Recorded data:
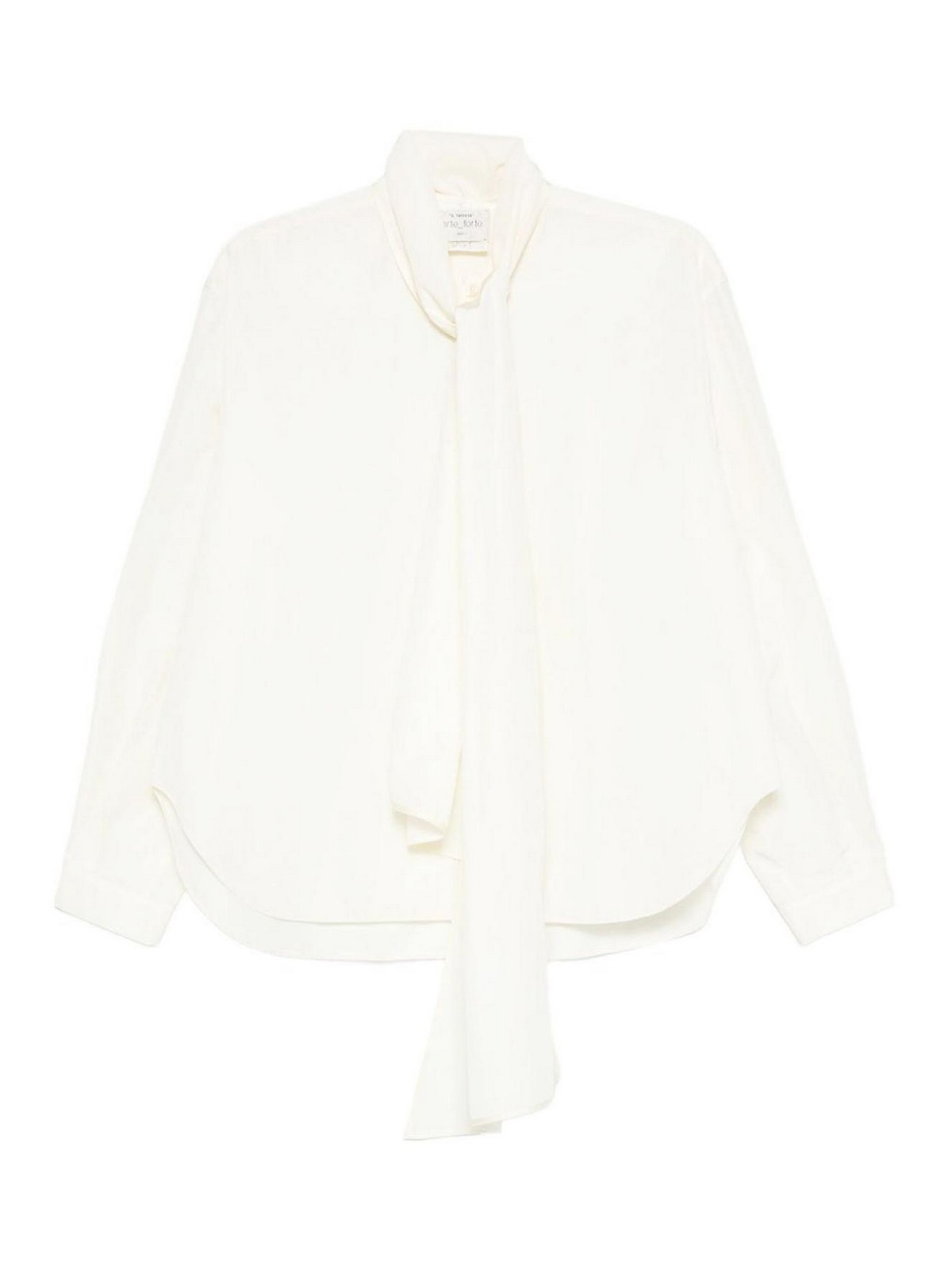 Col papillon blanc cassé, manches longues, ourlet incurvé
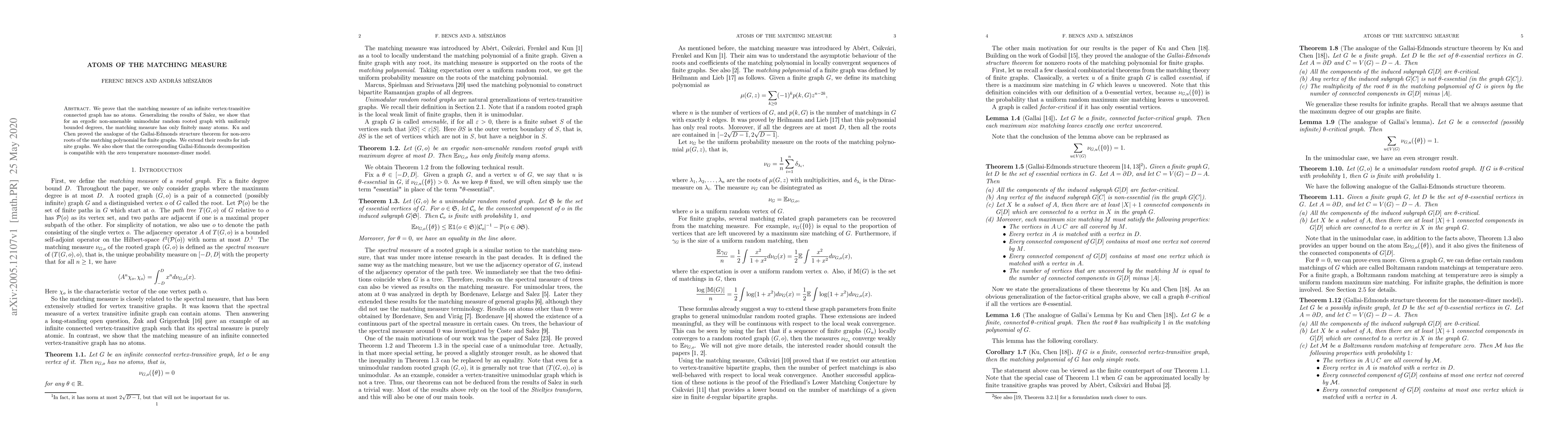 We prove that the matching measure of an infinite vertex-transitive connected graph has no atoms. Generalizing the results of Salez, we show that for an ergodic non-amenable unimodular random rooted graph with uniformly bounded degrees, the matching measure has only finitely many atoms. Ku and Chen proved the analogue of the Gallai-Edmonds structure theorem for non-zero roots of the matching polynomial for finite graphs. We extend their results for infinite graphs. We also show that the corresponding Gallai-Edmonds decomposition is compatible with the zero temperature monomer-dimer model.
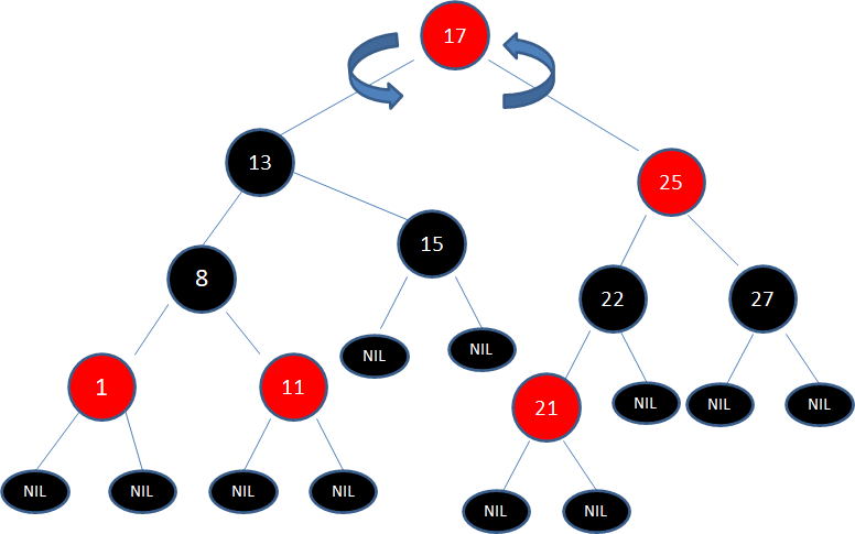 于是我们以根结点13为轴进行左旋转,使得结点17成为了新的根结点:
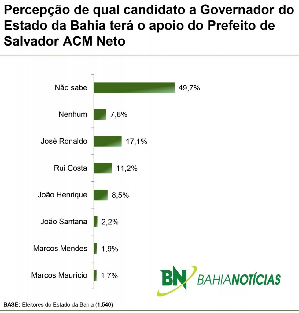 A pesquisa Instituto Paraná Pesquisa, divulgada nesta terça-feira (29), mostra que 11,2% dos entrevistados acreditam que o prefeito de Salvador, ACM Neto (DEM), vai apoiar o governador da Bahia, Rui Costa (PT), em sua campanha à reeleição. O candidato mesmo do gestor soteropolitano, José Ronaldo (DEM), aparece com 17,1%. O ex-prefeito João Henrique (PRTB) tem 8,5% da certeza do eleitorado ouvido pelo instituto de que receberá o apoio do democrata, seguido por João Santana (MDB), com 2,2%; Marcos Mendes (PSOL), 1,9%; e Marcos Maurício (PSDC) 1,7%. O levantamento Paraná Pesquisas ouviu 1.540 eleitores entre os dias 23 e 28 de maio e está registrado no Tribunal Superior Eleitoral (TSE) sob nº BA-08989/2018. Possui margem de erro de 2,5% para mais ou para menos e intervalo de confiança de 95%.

Goal of the exercise: The data above should be returned in full, exactly as written, apart from its images.

Completed task:
 Col papillon blanc cassé, manches longues, ourlet incurvé
 We prove that the matching measure of an infinite vertex-transitive connected graph has no atoms. Generalizing the results of Salez, we show that for an ergodic non-amenable unimodular random rooted graph with uniformly bounded degrees, the matching measure has only finitely many atoms. Ku and Chen proved the analogue of the Gallai-Edmonds structure theorem for non-zero roots of the matching polynomial for finite graphs. We extend their results for infinite graphs. We also show that the corresponding Gallai-Edmonds decomposition is compatible with the zero temperature monomer-dimer model.
 于是我们以根结点13为轴进行左旋转,使得结点17成为了新的根结点:
 A pesquisa Instituto Paraná Pesquisa, divulgada nesta terça-feira (29), mostra que 11,2% dos entrevistados acreditam que o prefeito de Salvador, ACM Neto (DEM), vai apoiar o governador da Bahia, Rui Costa (PT), em sua campanha à reeleição. O candidato mesmo do gestor soteropolitano, José Ronaldo (DEM), aparece com 17,1%. O ex-prefeito João Henrique (PRTB) tem 8,5% da certeza do eleitorado ouvido pelo instituto de que receberá o apoio do democrata, seguido por João Santana (MDB), com 2,2%; Marcos Mendes (PSOL), 1,9%; e Marcos Maurício (PSDC) 1,7%. O levantamento Paraná Pesquisas ouviu 1.540 eleitores entre os dias 23 e 28 de maio e está registrado no Tribunal Superior Eleitoral (TSE) sob nº BA-08989/2018. Possui margem de erro de 2,5% para mais ou para menos e intervalo de confiança de 95%.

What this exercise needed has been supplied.